Yeah I guess I lost where I was going with that....:think:
 

jdcamb

Tool Time!
Feb 17, 2002
20,067
8,816
Nowhere Man!
RhinofromWA said:
...or Carter. If it makes you feel better to blame a man for what happened to your neighborhood.....feel free to do so. But after awhile it might be time to let some of that bitterness go. *rhino zen master*

I would think business leaving can do more with the cost of operating in areas. Schools close when the money stops or the child base dissapears, or new schools are built to replace them.

I can't begin to understand all that went down in your home town. I really can't. But do you hold all (all that you can possibly link) of your neighborhoods problems over Reagans head? You mentioned other economic factors, but still hold Reagan responsible.

Yeah I guess I lost where I was going with that....:think:
Yes I mention other economic factors. It was a Rust Belt city.

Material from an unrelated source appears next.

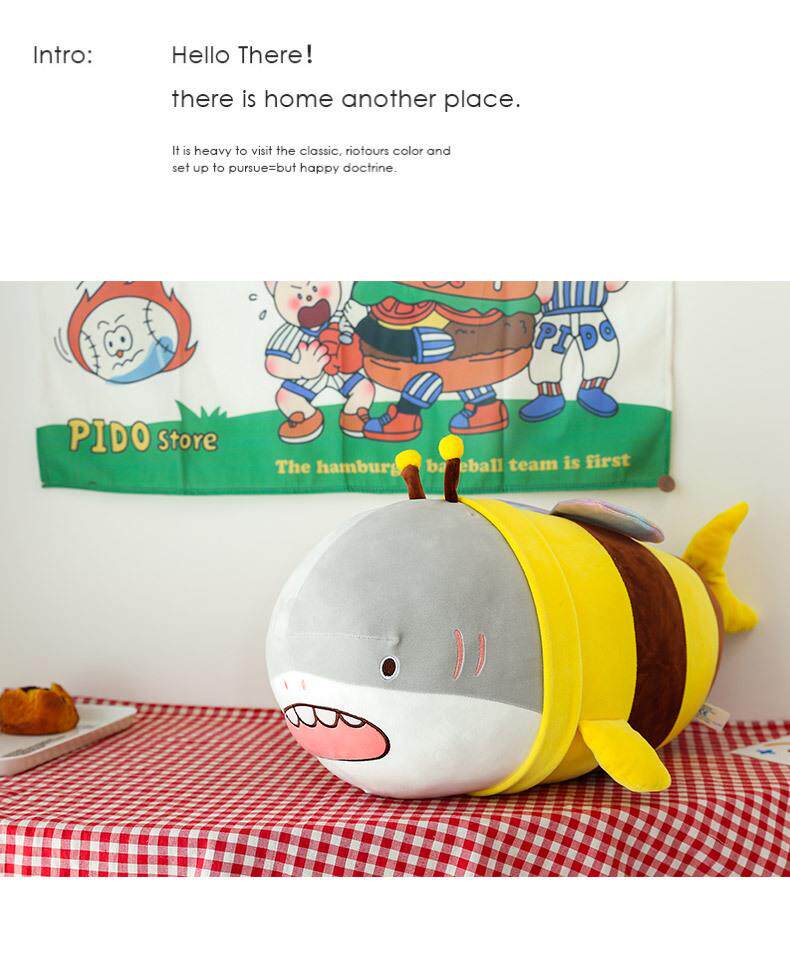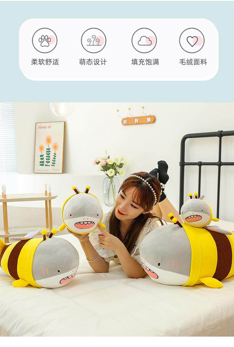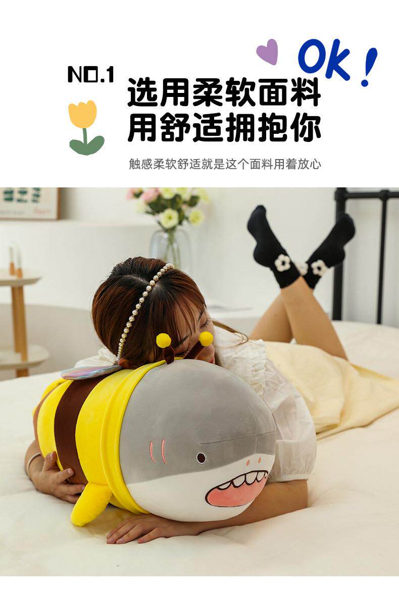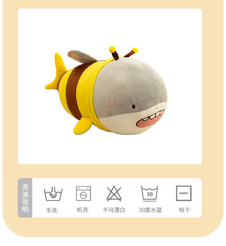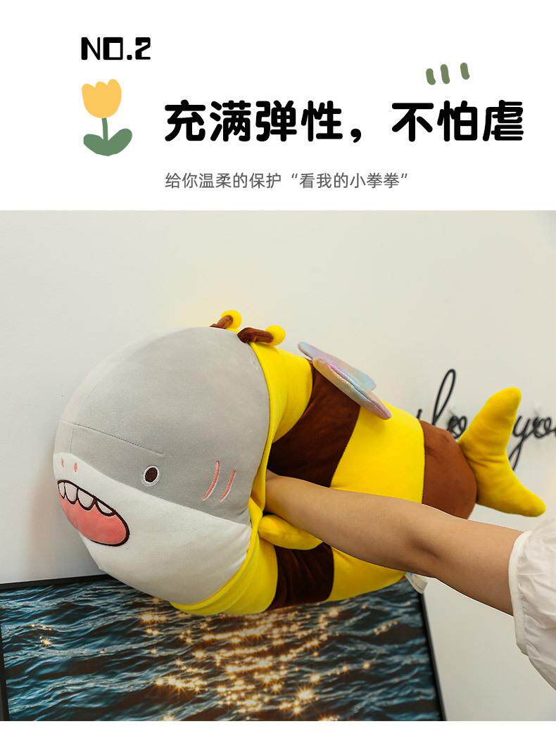 Hong Kong Sc Quirky Plush Toy Bee Shark Stuffed Animal Cute Shark Bee Doll Pillow Birthday Gift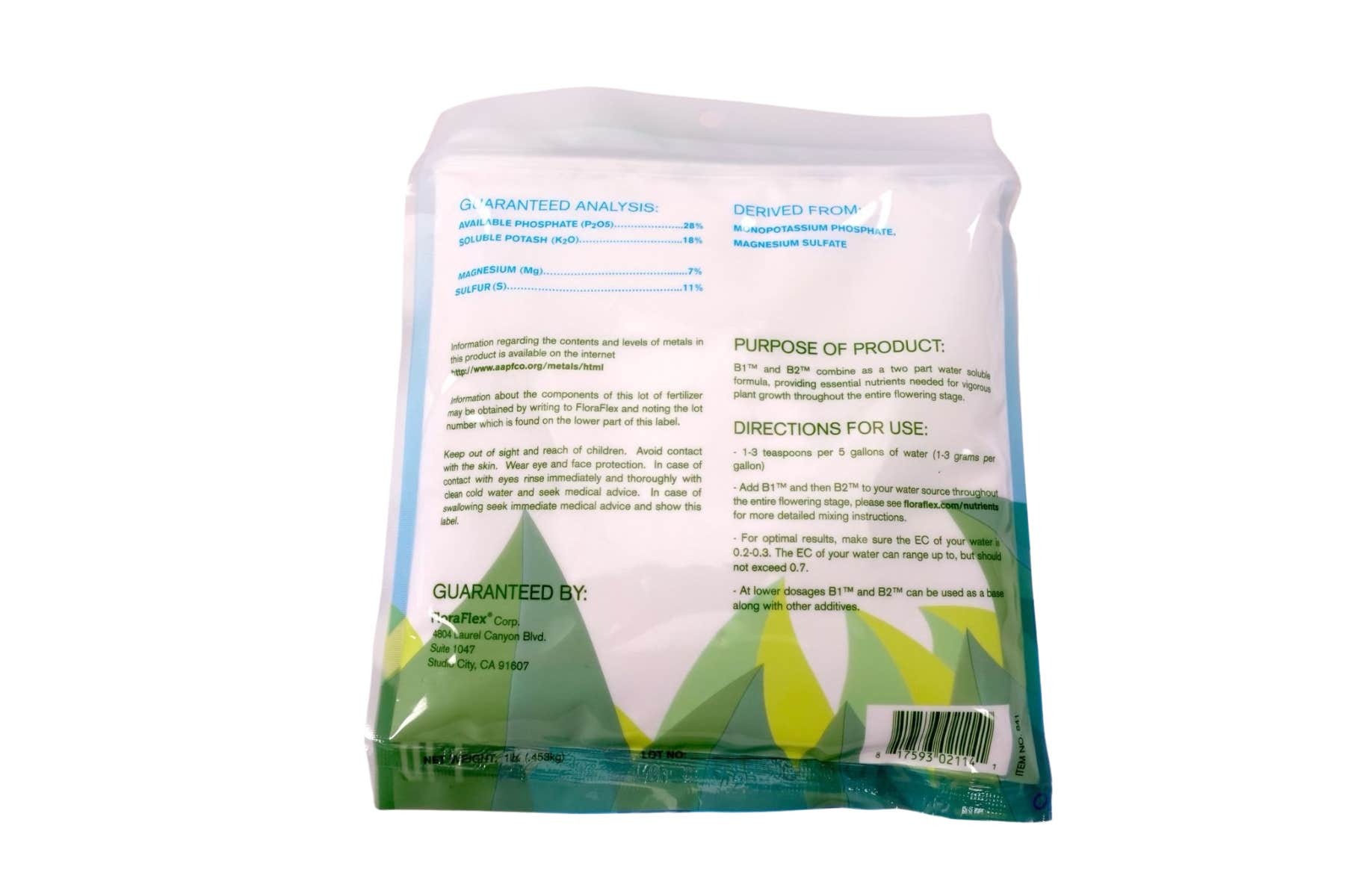 FloraFlex® is proud to introduce B2 Bloom/Flower - Part 2 , the second part of the innovative two-part powder nutrient system for the flowering phase. This advanced formula is designed to provide your plants with the essential nutrients they need during the flowering phase. Together with B1 Bloom/Flower - Part 1, B2 ensures a perfect balance, leading to strong and healthy flowers.

A lot of the manufacturing jobs were already gone. Carter admin did some things for us to keep our heads above water. One of those things was offering poor kids assistance to go to college, extending Unemployment comp, creating clinics, and instituting surplus giveaways (welfare cheese, food stamps, etc.). He even started employment training programs. All of these were cut shortly after Ronnie came into office. I can distinctly remember being told that the reason my assistance was cut was because of Mr. Reagan at the time. I was 2 years into school when the rug was pulled out from under me. Mr Bush's turn was next. America historically turns it back on the poor, but Ronnie did it with a certain style and grace that made many urban dwellers hate him. Same with Bush Sr. Look at Literacy statistics starting from the early 80's until now and you will see what I am saying......jdcamb
 
there is no doubt that reagon did a lot of damage to the urban and lower-income families. my family was hit too when my parents were forced to move from place to place after their jobs evaporated under reagan(they worked for public services, my dad a school bus driver and mom a librarian). I will never for get that.